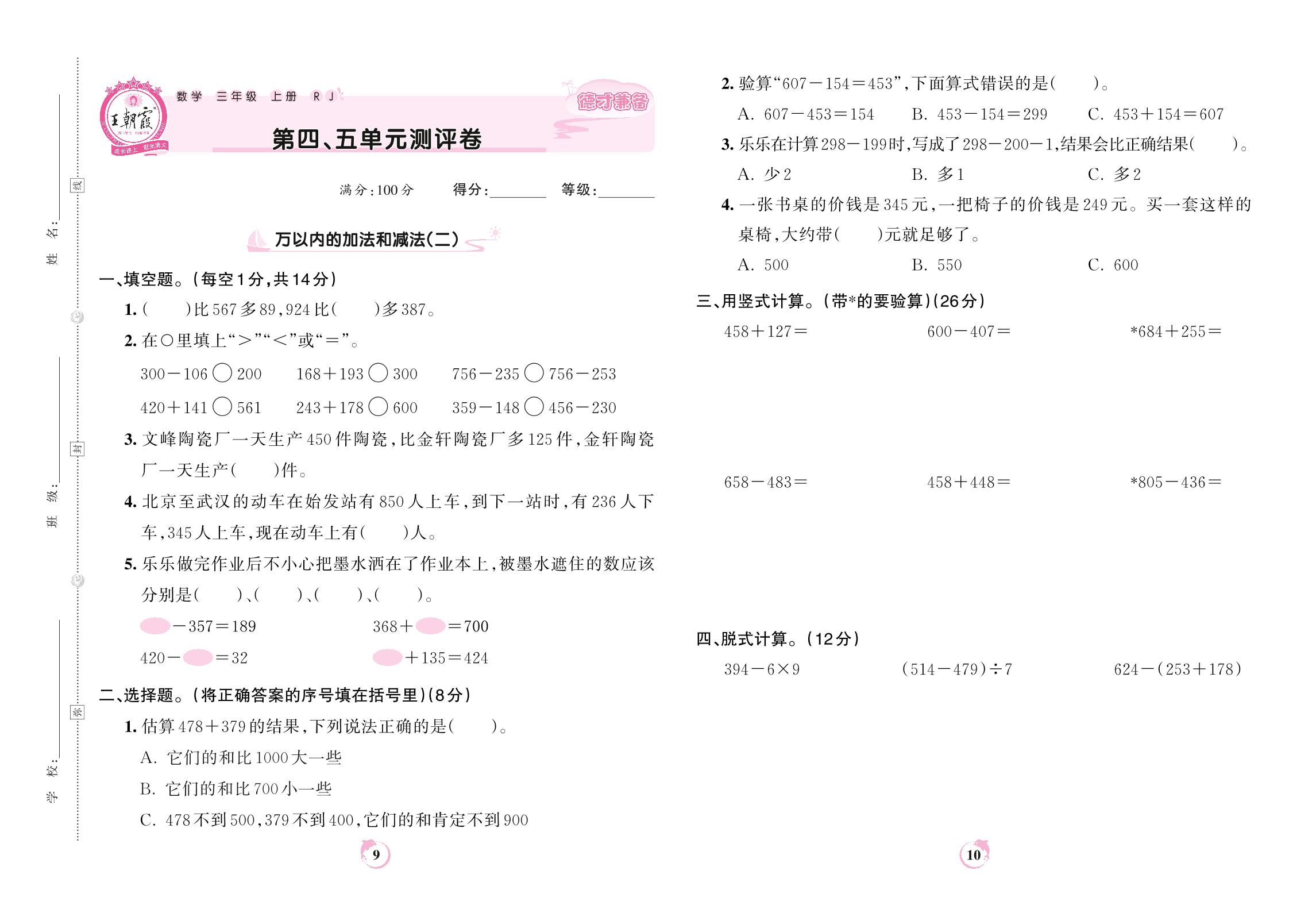 2022上册三年级数学人教版 第四、五单元测评卷
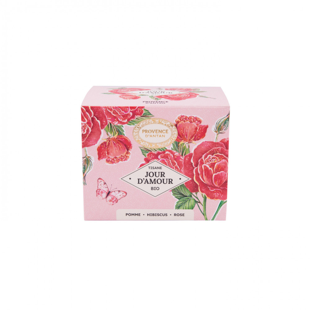 La tisane Jour D'amour est composée de Pomme, hibiscus, reglisse, rose, gingembre, cannelle, extrait de citron, extrait de rose, sarriette et romarin. Elle est 100% isuue de l'agriculture biologique.
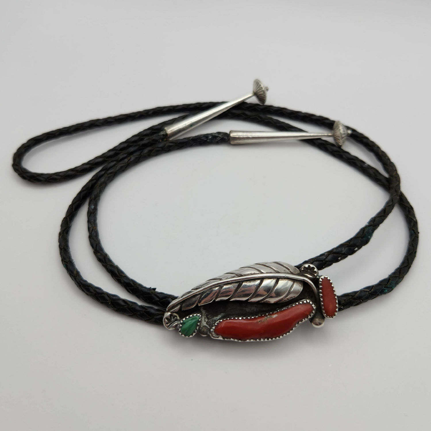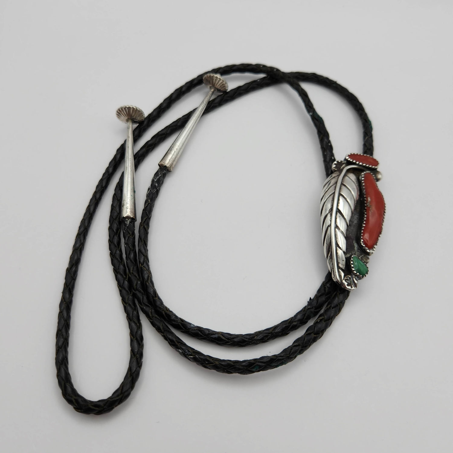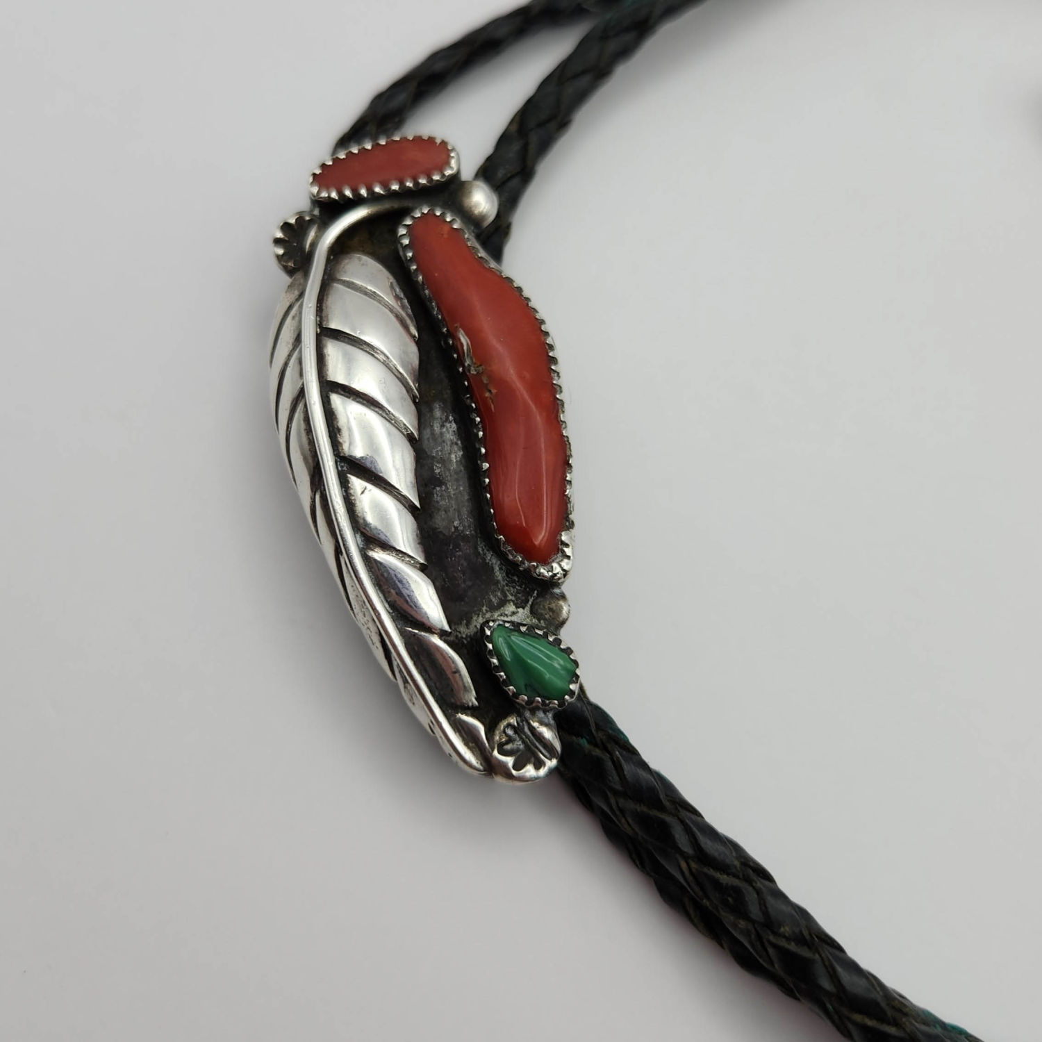 Sterling Turquoise Coral Bolo Navajo 30.5g TW
++++++++
What you have to do> Set the pictures aside and reproduce the data above exactly.

Solution to the exercise>
 2022上册三年级数学人教版 第四、五单元测评卷
 La tisane Jour D'amour est composée de Pomme, hibiscus, reglisse, rose, gingembre, cannelle, extrait de citron, extrait de rose, sarriette et romarin. Elle est 100% isuue de l'agriculture biologique.
 Sterling Turquoise Coral Bolo Navajo 30.5g TW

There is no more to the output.